0

I'm using another developer's Colab notebook and I previously ran this code block successfully. But now when I try, the download doesn't complete and it stops at roughly 1.9K, when it should be more like 1.1 GB. Is there a small change to the code I can make to prevent this truncation?

Code:

#@title
experiment_type = 'ffhq_encode'
def get_download_model_command(file_id, file_name):
    """ Get wget download command for downloading the desired model and save to directory pretrained_models. """
    current_directory = os.getcwd()
    save_path = os.path.join(os.path.dirname(current_directory), CODE_DIR, "pretrained_models")
    if not os.path.exists(save_path):
        os.makedirs(save_path)
    url = r"""wget --load-cookies /tmp/cookies.txt "https://docs.google.com/uc?export=download&confirm=$(wget --quiet --save-cookies /tmp/cookies.txt --keep-session-cookies --no-check-certificate 'https://docs.google.com/uc?export=download&id={FILE_ID}' -O- | sed -rn 's/.*confirm=([0-9A-Za-z_]+).*/\1\n/p')&id={FILE_ID}" -O {SAVE_PATH}/{FILE_NAME} && rm -rf /tmp/cookies.txt""".format(FILE_ID=file_id, FILE_NAME=file_name, SAVE_PATH=save_path)
    return url    

MODEL_PATHS = {
    "ffhq_encode": {"id": "1cUv_reLE6k3604or78EranS7XzuVMWeO", "name": "e4e_ffhq_encode.pt"},
    "cars_encode": {"id": "17faPqBce2m1AQeLCLHUVXaDfxMRU2QcV", "name": "e4e_cars_encode.pt"},
    "horse_encode": {"id": "1TkLLnuX86B_BMo2ocYD0kX9kWh53rUVX", "name": "e4e_horse_encode.pt"},
    "church_encode": {"id": "1-L0ZdnQLwtdy6-A_Ccgq5uNJGTqE7qBa", "name": "e4e_church_encode.pt"}
}

path = MODEL_PATHS[experiment_type]
download_command = get_download_model_command(file_id=path["id"], file_name=path["name"]) 

!wget {download_command}

Output:

--2022-04-28 21:36:10--  http://wget/
Resolving wget (wget)... failed: Name or service not known.
wget: unable to resolve host address ‘wget’
--2022-04-28 21:36:10--  https://docs.google.com/uc?export=download&confirm=&id=1cUv_reLE6k3604or78EranS7XzuVMWeO
Resolving docs.google.com (docs.google.com)... 172.253.63.113, 172.253.63.100, 172.253.63.138, ...
Connecting to docs.google.com (docs.google.com)|172.253.63.113|:443... connected.
HTTP request sent, awaiting response... 200 OK
Length: unspecified [text/html]
Saving to: ‘/content/encoder4editing/pretrained_models/e4e_ffhq_encode.pt’

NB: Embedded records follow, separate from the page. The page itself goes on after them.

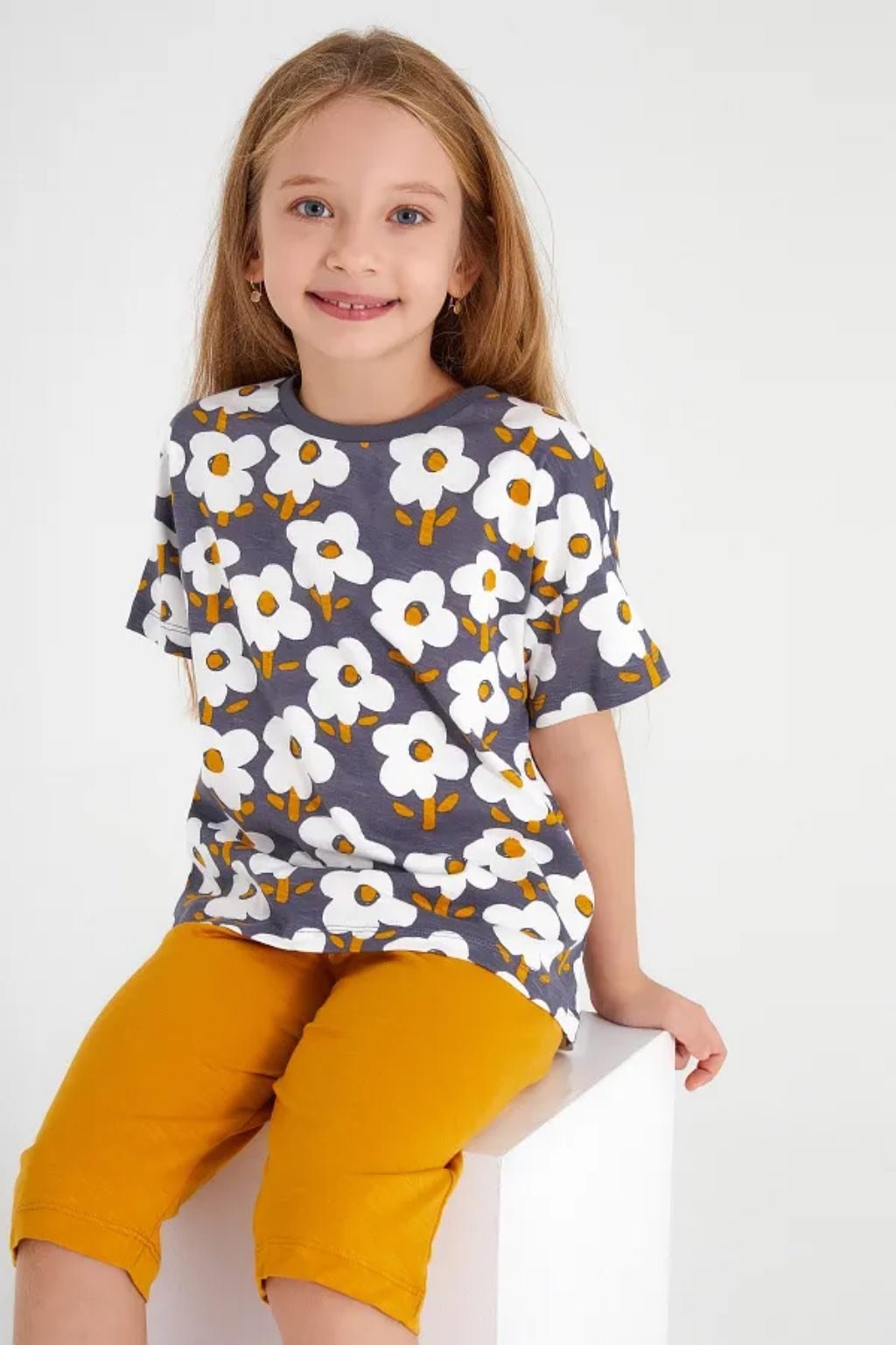 Dievčenský letný set – kvetinové tričko a horčicové kraťasy
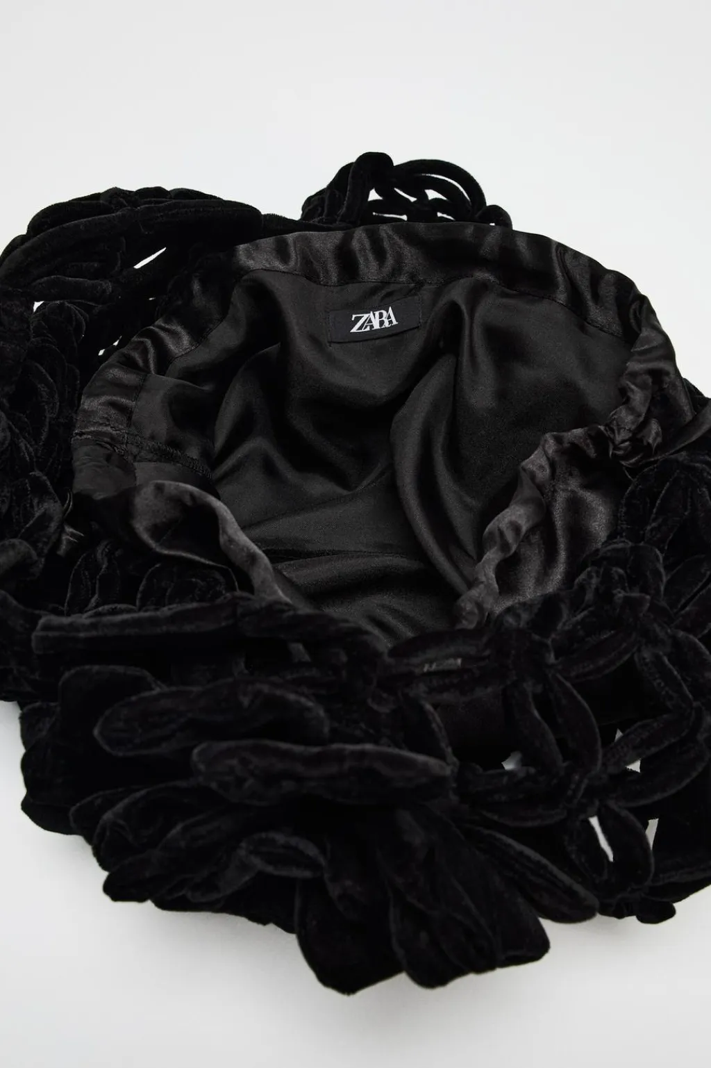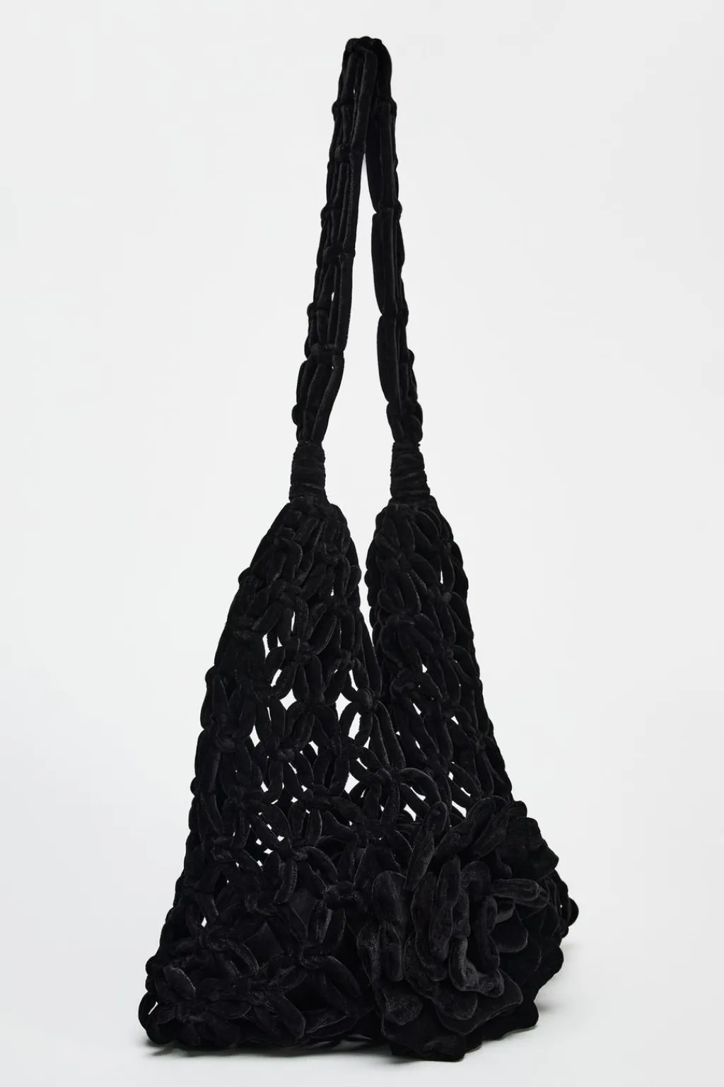 Bolso formato maxi saca en efecto terciopelo. Asa bandolera. Detalle de flor en la parte delantera. Bolsillo interior con cierre mediante fruncido.
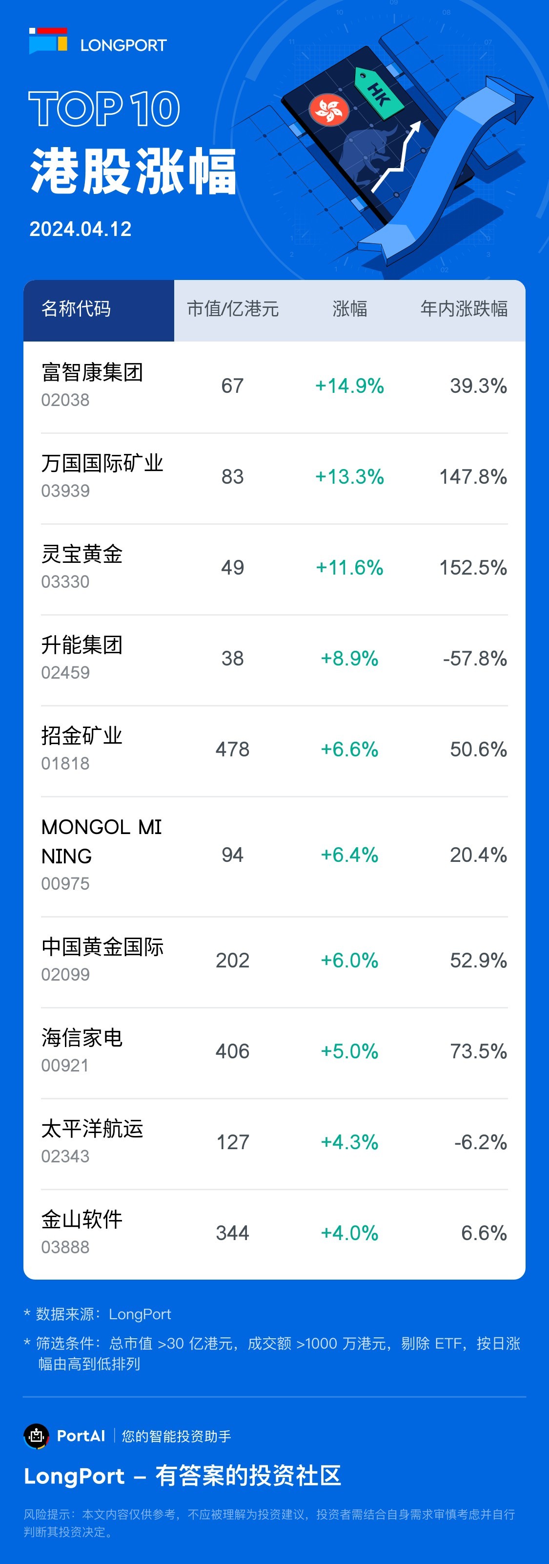 Top 10 HK Stock Gainers (4.12)
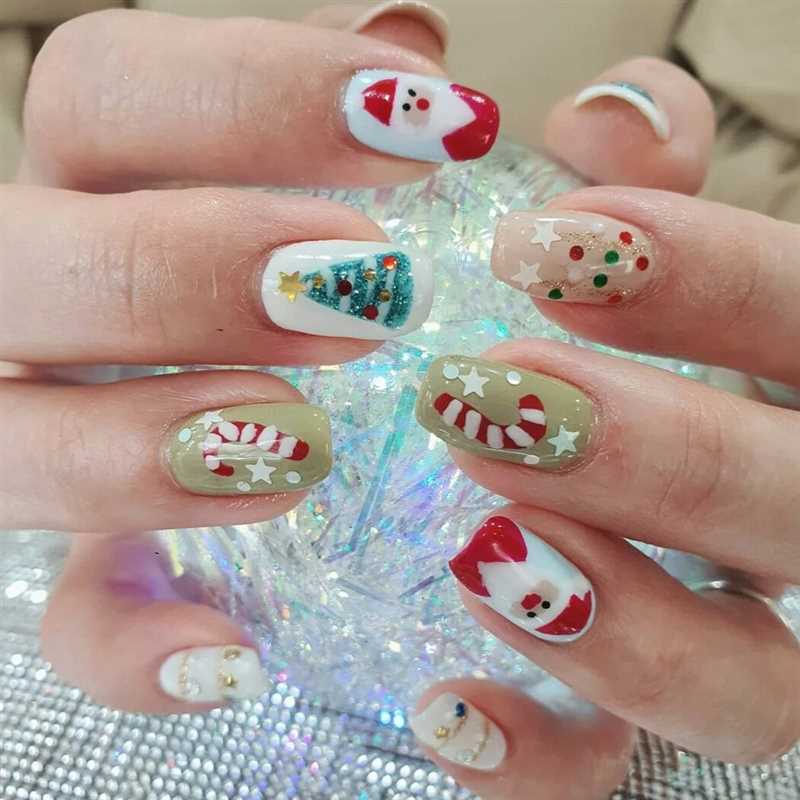 Кроме того, можно использовать разноцветный лак для создания фона и добавить элементы декора, такие как бантики, звездочки или шапочки Санта Клауса. Такой мотив будет удивительно ярким и праздничным!
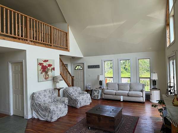 Est $1,494/moSpacious four bedroom A-frame situated on 6.6 acres. This home was built only 13 years ago. On the main floor are 3 BR's, 2 Bathrooms, large laundry room, kitchen, dinining area and LR. Upstairs are the loft and 4th BR Two sets of double doors lead out to the wrap around deck. Peaceful country setting.
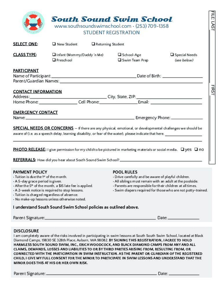 SwimSchoolSELECT ONE:FILE: Last Son of d South Sound Swim School www.southsoundswimschool.com (253) 7091358 STUDENT Registration New Students Returning StudentCLASS TYPE:q Infant (Mother/Father n

/content/encoder4ed     [ <=>                ]   1.95K  --.-KB/s    in 0s      

2022-04-28 21:36:10 (30.7 MB/s) - ‘/content/encoder4editing/pretrained_models/e4e_ffhq_encode.pt’ saved [1993]

FINISHED --2022-04-28 21:36:10--
Total wall clock time: 0.1s
Downloaded: 1 files, 1.9K in 0s (30.7 MB/s)

What the actual download should look like (notice the file size at the bottom): enter image description here

Azurespot
  • 3,066
  • 3
  • 45
  • 73
  • The file you are downloading from Google Drive is your or another person? – raspiduino Apr 29 '22 at 05:09
  • @raspiduino I got the code base notebook from someone else, but I made a copy of it to my own Drive first before executing the copy. – Azurespot Apr 30 '22 at 22:11
  • @raspiduino also... the original author posted a link to the full file which I downloaded, so I tried to replace the downloaded file (that's only 1.2K) with the full file and tried to skip the code block shown above, but then got some other error. So I wondered if that code block does something else besides just download a file. Here's the original code base. https://github.com/bycloudai/StyleCLIP-e4e-colab – Azurespot Apr 30 '22 at 22:31

1 Answers1

0

Note that the line

Length: unspecified [text/html]

means the file wget is downloading is HTML file, which means it's an error page returned by Google. You can open that html file to see the error.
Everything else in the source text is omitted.